Федька с Алехой захватили с собой полуштоф — распили, согрешили. Поэтому ехали разудалые, лошадок подбодряли и сами пели, не стесняясь встречных прохожих.
— «Как во городе, во Санктпитере — выводил басом Федька, а подмастерья поддерживали голосистыми дискантами, — что на матушке на Неве-реке, на Васильевском славном острове…» А ты что не подтягиваешь, певунья? — спрашивал Федька Устю, которая сидела на краю телеги, свесив босые ноги.
— У вас свои песни, у меня свои, — отвечала она независимо.
— «Что на матушке на Неве-реке, — продолжал Федька еще басистее, — как на пристани корабельныя… Молодой матрос корабли снастил, корабли снастил он о парусах, он о парусах полотняныих!»
Далее шла бесконечная история о том, как из высокого нова терема, из косящата из окошечка на матроса того усмотрелася краса девица, боярская дочь… Притихший Бяша всем плечом и локтем ощущал тепло ехавшей рядом Усти, и было ему хорошо, и хотелось, чтоб эта тряская и пыльная дорога тянулась и тянулась, пока движется жизнь. А рядом, над темной кромкой засыпающего леса, взошла одинокая звезда и смотрела не мигая, будто чье-то равнодушное светлое око.
— Приехали с орехами! — закричал вдруг Федька. — Нам-то кричали, мы-то не слыхали!
Действительно, телега, оказывается, уже стоит и даже лошади выпряжены, пасутся. Бяша, весь в своих мыслях, задремал в дороге.
— Устинья! — распоряжался Федька. — Стаскивай с телеги своего сокола. Что-то он у тебя разнежился…
— Гуляй, соколенок, пока кречет не в лету, — сказала Устя, сводя за руку Бяшу.
— Что ты там толкуешь? — полюбопытствовал Федька.
— Для глухого попа не разбить колокола. А толкую я, что скоро кречет влет, так и пташечки вразлет.
— Поди-ка, горлинка, нынче ты не в духе! — заметил Федька.
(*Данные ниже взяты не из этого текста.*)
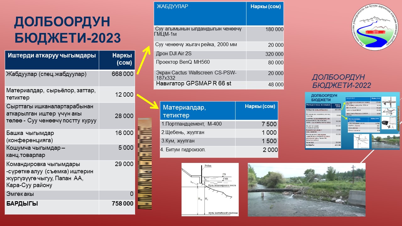 | 4 | Ак-Буура дарыясынын бассейнинин суу режиминин мониторинги жана комплекстүү географиялык-гидрологиялык райондоштуруу | 25-октябрь | Толуктоо - Жылдык отчет/ 1. Суу ченоо пункттун турдуу тузулуштору каралып чыгып, алардын ичинен долбоор милдеттерине эн эле ынгайлуусу тандалды. Курулманын чиймеси чийилип, материалдар жана жумуштар эсептелип чыкты. | 2023-10-25  0000-00-00  |

Арендованный участок пустоши начинался от прошлогоднего омета соломы, возле которого Киприановы и расположили свой бивак. Тянулся участок тот до самого леса, где границей его служил темный пруд без водорослей, образовавшийся на копке канав. Лягушки, давясь от усердия, выводили свою сумеречную песнь.
— Искупаемся? — предложил Алеха-гравировщик, которого после полуштофа тоже тянуло на сон.
Бросились наперегонки, с гиканьем, с ржанием, как молодые жеребята, даже Федька, прихрамывая, старался не отставать. Скидывали рубахи еще на бегу, гоняли их на мураву и с размаху кидались в пруд.
— Ну водица! — фыркал Алеха. — Парное молочко! Федька, чего ты там на бережку обвеиваешься? Шваркнись, да и конец!
Возвращались приуставшие, шли на свет костра, который развела Устя и варила кашу с дымком. Завидев их, Устя пошла навстречу:
— Теперь искупаюсь я.
— Темно уж! — затревожился Федька. — А ты не боишься, красотка, что кто-то тебя, одинокую, схватит? Тут Москва все-таки под боком, шалых людей предостаточно.
— Я сама шалая, — ответила Устя и прошла мимо, еле различимая в сумерках, но видно было ее гордую осанку и косы, перевязанные платком наподобие венца.
Мужики остановились, провожая ее взглядами, а Бяша — тот чуть не сорвался, чтобы бежать за ней, тем более что Федька с усмешечкой заметил:
— Ишь прынцесса! Пойти бы посторожить, как бы кто взаправду не увел!
Но ничего не случилось. Она вернулась к костру прохладная, довольная, выхватила у Алехи деревянный уполовник, которым он не столько мешал кашу, сколько ее пробовал, и стала всех кормить. Наевшись, все долго глядели на звезду над лесом, спорили, что сие: око ли божие недреманое или это ангел держит свечи под куполом небес? Бяша не стал вмешиваться, объяснять, что, может быть, в глубинах мира несказанных несется вихрем такая же Земля, где — кто знает? — есть такой же сенокос, и такой же костерик в просторе полей, и Бяша, и грустная Устя…
— Шабаш, шабаш! — провозгласил Федька киприановским голосом. — Завтра подниму ни свет ни заря!
Укладывались, выкапывая себе гнезда в теплой и пахучей прошлогодней соломе. Бяша отодвинулся подальше от подмастерьев, которые все хохотали и дразнили друг друга. Он постарался представить себе, по какую сторону омета расположилась Устя, а представив, принялся потихоньку прокапываться в том направлении.
Ночь текла под стрекот кузнечиков. Изредка вздыхали и фыркали лошади. В далекой деревеньке Черемушки лаяли собаки.
— Чего тебе? — прошептала Устя, когда Бяша все-таки до нее добрался.
Она была напряжена, будто ждала чего-то. Бяша дотронулся до нее рукой, она тотчас оттолкнула — и верно, чем-то она была огорчена.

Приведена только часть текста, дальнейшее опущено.